I read her mine, ‘If you are happy in a dream, Ammu, does that count? Estha asked. “Does what count?” “The happiness does it count?’ 

Cindy let me keep Elise’s postcard. I gave her four euros for the Picador book and thought about Estha and Arundhati Roy on the walk back as the sun evaporated across the scaling Cliffs of Moher. I began to wonder if the happiness I felt with my burrito in hand on Abbey Street, or lying on my back next to the girl I liked, listening to Dean Martin in the dark, or sitting cross-legged on the Turkish rug walled in by decades of stories in a bookstore by the sea, would last me all the way back to Mumbai, or to a summer afternoon years from that moment. 

On my last weekend in the city, I bought a waistcoat. The pleats hung loosely around my chest, but it almost fit perfectly. Perhaps I would grow into it or learn to like how it fits over time. I walked back from Grafton where a loose weave of low-hanging string lights fingerpainted the road with spots of red, green and blue that crawled across the street each time the wind blew. The Fifa World Cup final was on and Argentina was winning, 2-0 when all of a sudden, the crowd gathered around the Spire began to shout. Mbape had just scored two goals in a matter of a few minutes. I stopped outside a pub to watch with the rest of O’Connell Street. The tension was palpable, everyone was waiting with bated breath for Argentina to take home the victory. 

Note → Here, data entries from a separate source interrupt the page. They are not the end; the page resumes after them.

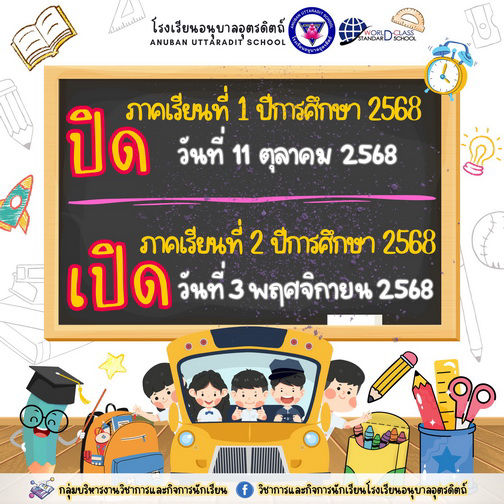 แจ้งวันปิดเรียนภาคเรียนที่ 1 และเปิดเรียนภาคเรียนที่ 2 ปีการศึกษา 2568 08 ต.ค. 68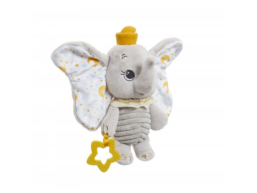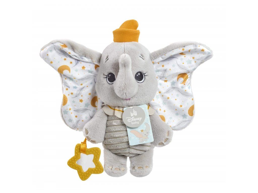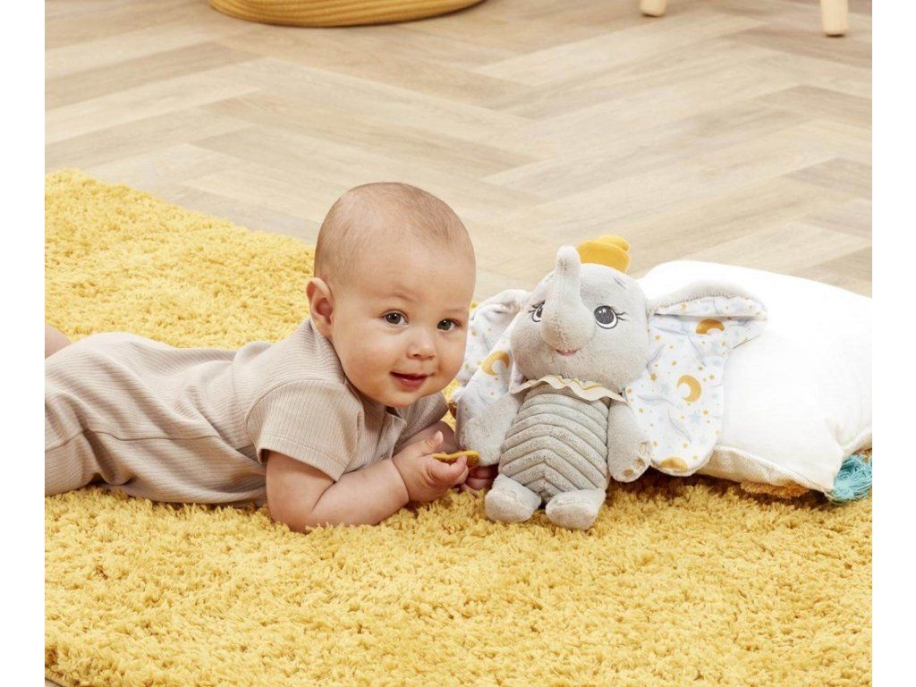 Zoznámte sa s prvou maznavou hračkou vášho bábätka. Deti si zamilujú túto plyšovú hračku, sloníka Dumba. Tento jemný plyšový kamarát je vyrobený z mimoriadne hebkého, pre bábätká bezpečného materiálu a zdobený decentnou výšivkou, ktorá je šetrná aj k citlivej detskej pokožke.Roztomilý sloník s ikonickými veľkými uškami a milým výrazom prináša dokonalú kombináciu hebkosti a hravosti. Vďaka rôznorodým textúram, štítkom a hryzátku v tvare hviezdičky pomáha nielen upokojiť citlivé ďasná, ale tiež podporuje raný zmyslový vývoj dieťaťa.Ľahký a ideálne prispôsobený malým detským ručičkám podporuje samostatné upokojenie a stane sa obľúbeným spoločníkom pri zaspávaní, odpočinku aj na cestách. Vďaka kvalite a tradícii značky Disney ide o nadčasovú hračku, ktorá prináša pocit bezpečia, radosti a kúzlo obľúbených príbehov už od prvých dní. Hlavné vlastnosti: extra jemný, pre bábätká bezpečný plyšový materiálšetrné vyšívané detaily vhodné pre citlivú pokožkuikonický dizajn sloníka Dumba s veľkými uškamirôznorodé textúry a štítky pre zmyslový rozvojhryzátko v tvare hviezdičky pre úľavu pri raste zúbkovvhodné na upokojenie, zaspávanie aj cestovaniekvalita a dôveryhodnosť značky Disneyrozvíja motoriku dieťaťatrénuje koordináciu ruka-okoDodatočné parametre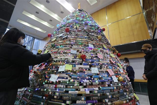 3500권으로 만든 ‘북 트리’  1일 대구대 경산캠퍼스 창파도서관 로비에서 열린 ‘크리스마스 북(Book) 페스티벌’을 찾은 학생들이 소망 북트리에 소원지를 붙이고 있다. 대구대는 해마다 오래되거나 낡아 폐기할 책을 이용, 크리스마스트리를 만들고 있다. 올해는 3500여권의 책을 쌓아 높이 4m, 폭 3.5m 크기의 트리를 만들었다.<br>경산 뉴스1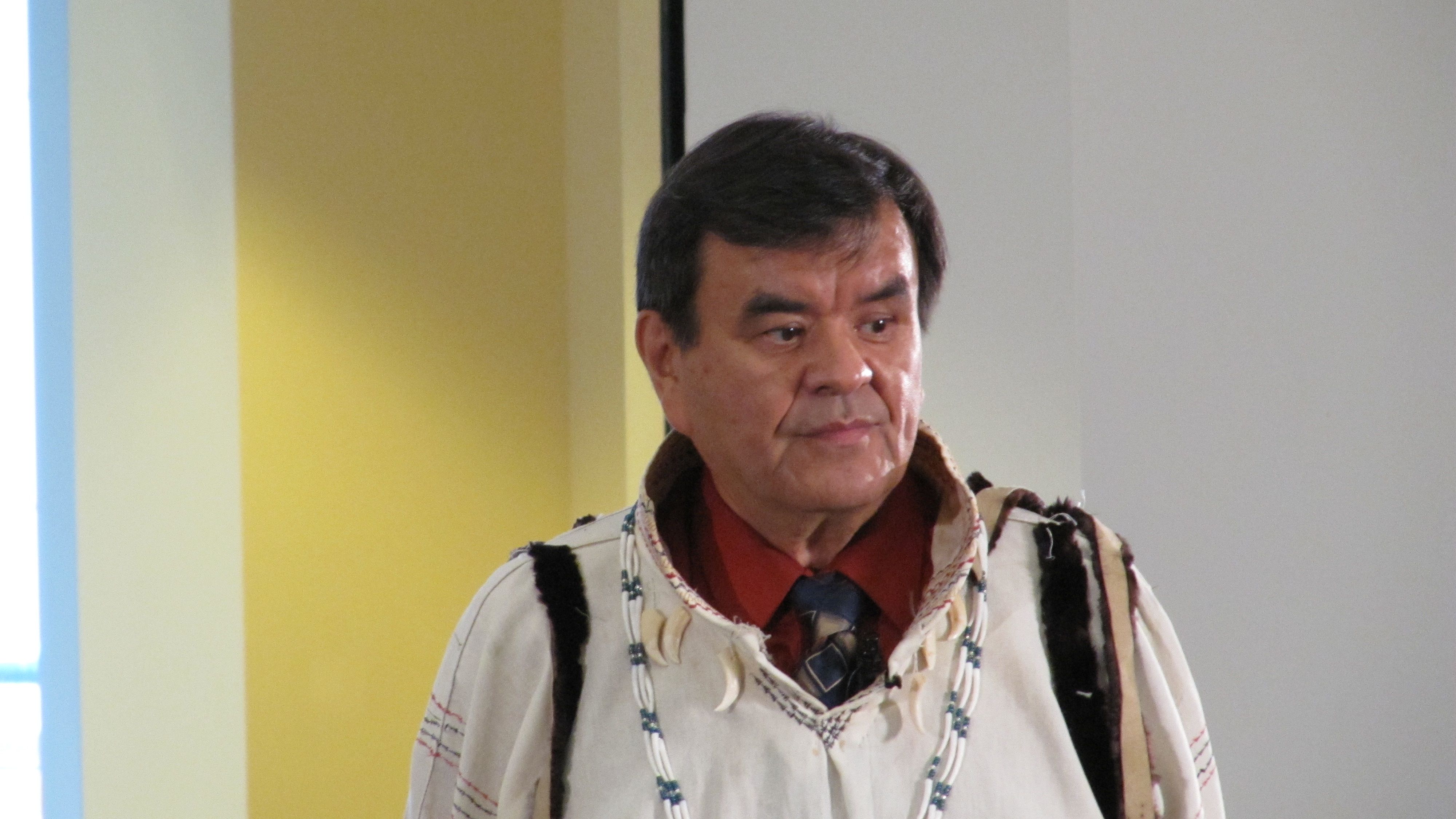 Larry Merculieff before the campus presentation. Western Oregon University in Monmouth, Oregon.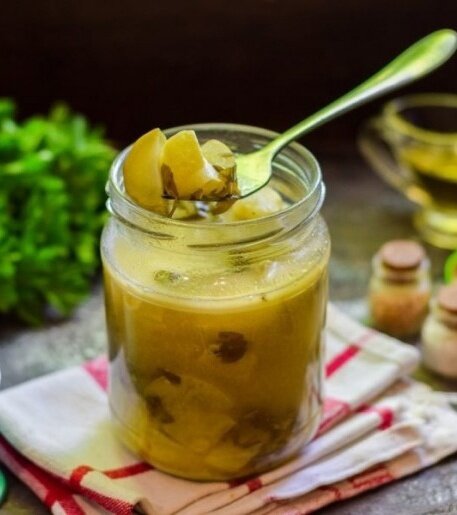 Переложите кабачки в стерильные банки, залив их образовавшейся жидкостью. Не забудьте о стерилизации заготовки в течение 20 минут, предварительно устелив дно кастрюли тканью.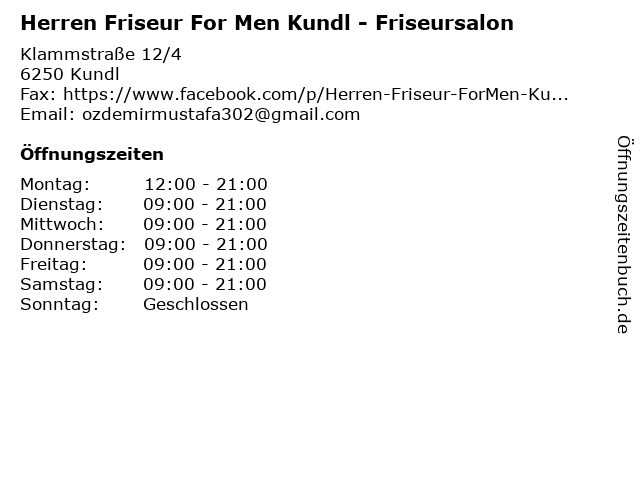 | Öffnungszeiten Herren Friseur For Men Kundl - Friseursalon in Kundl anzeigen | |

Anusha and Ruhi were on their way back from the library. I sent them my location, and the three of us, arms interlinked, found our way to a spot near the front. We screamed with the crowd each time either team attempted a penalty shot. When Argentina scored the last goal that would earn them the winning title for the first time since 1986, people went wild and I began to cry. It was overwhelming knowing I only had one night left in this beautiful city, and second, feeling so full of friendship and one euro donuts that the idea of settling for a smaller life, a box, a past self was for the first time, impossible. I was deathly afraid of satiating my appetite because, where do you go from there? 

I juggled an unfamiliar catharsis, not knowing whether or not to let the light in, but I was wearing my waistcoat and there was a half-rainbow in the sky. It was like Roy wrote, ‘The bleached bones of a story’. What felt like the threat of personhood, was really the overwhelming possibility of contentment. I couldn’t think of anything as simultaneously terrifying and liberating as the ache of it, the torture of the becoming.